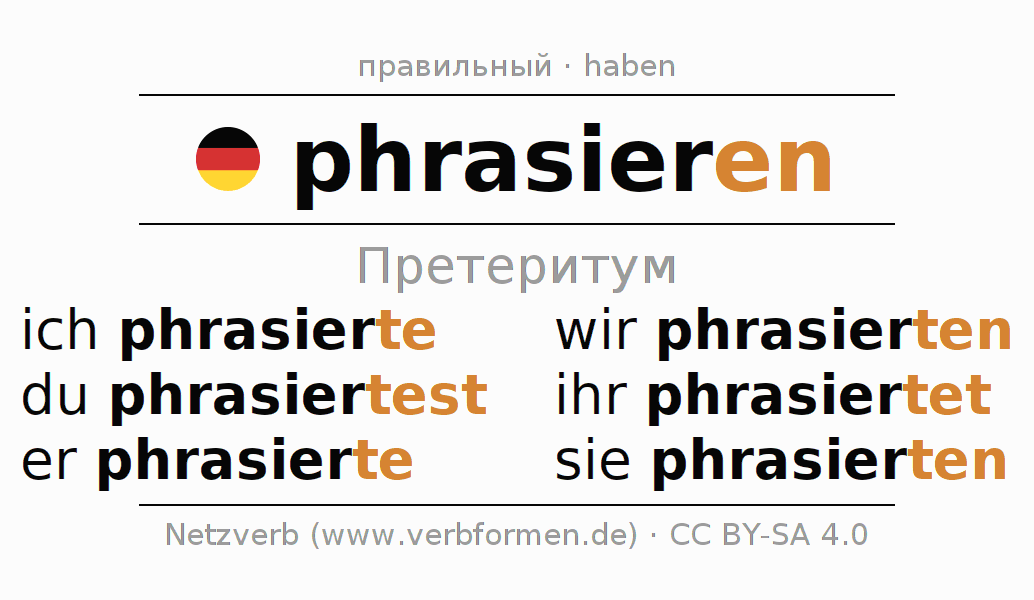 Этот глагол phrasieren полностью спрягается во всех лицах и числах Претеритум Индикатив.
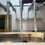 道後温泉駅北西にある道後温泉第4分湯場では、複数の源泉がブレンドされ、流れ落ちる様子を見ることができます。
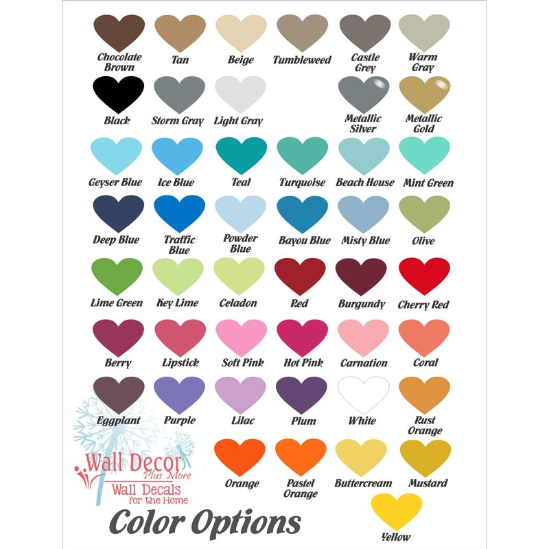 Wall Decor Plus More offers QUALITY Vinyl Wall Decals MADE IN USA. Each wall decal is cut on a cutter, the excess vinyl material is removed by hand then transfer tape is applied. No outsourcing here, the FULL PROCESS is done in the USA! These are die-cut decals. Die-cut decals do NOT have a background material like printed stickers do. Your wall or surface will be visible through and around the openings of your design. Each vinyl wall decal is premasked and packaged with detailed application instructions included. No individual letter or word alignment/installation is needed. Made from the best quality, customer-requested, matte, removable vinyl material - this matte finish makes each decal looks "painted" on. Our wall decals are designed for Home Decor surfaces, are easily removable but they are not reusable. We are a small US based (South Dakota) company and we offer a quality product at a fair price and stand behind it. Have questions? Simply call us, we will be happy to help!

## YOUR GOAL
Retype the data above exactly; pictures are not part of the copy.

## RESPONSE TO THE EXERCISE
 Этот глагол phrasieren полностью спрягается во всех лицах и числах Претеритум Индикатив.
 道後温泉駅北西にある道後温泉第4分湯場では、複数の源泉がブレンドされ、流れ落ちる様子を見ることができます。
 Wall Decor Plus More offers QUALITY Vinyl Wall Decals MADE IN USA. Each wall decal is cut on a cutter, the excess vinyl material is removed by hand then transfer tape is applied. No outsourcing here, the FULL PROCESS is done in the USA! These are die-cut decals. Die-cut decals do NOT have a background material like printed stickers do. Your wall or surface will be visible through and around the openings of your design. Each vinyl wall decal is premasked and packaged with detailed application instructions included. No individual letter or word alignment/installation is needed. Made from the best quality, customer-requested, matte, removable vinyl material - this matte finish makes each decal looks "painted" on. Our wall decals are designed for Home Decor surfaces, are easily removable but they are not reusable. We are a small US based (South Dakota) company and we offer a quality product at a fair price and stand behind it. Have questions? Simply call us, we will be happy to help!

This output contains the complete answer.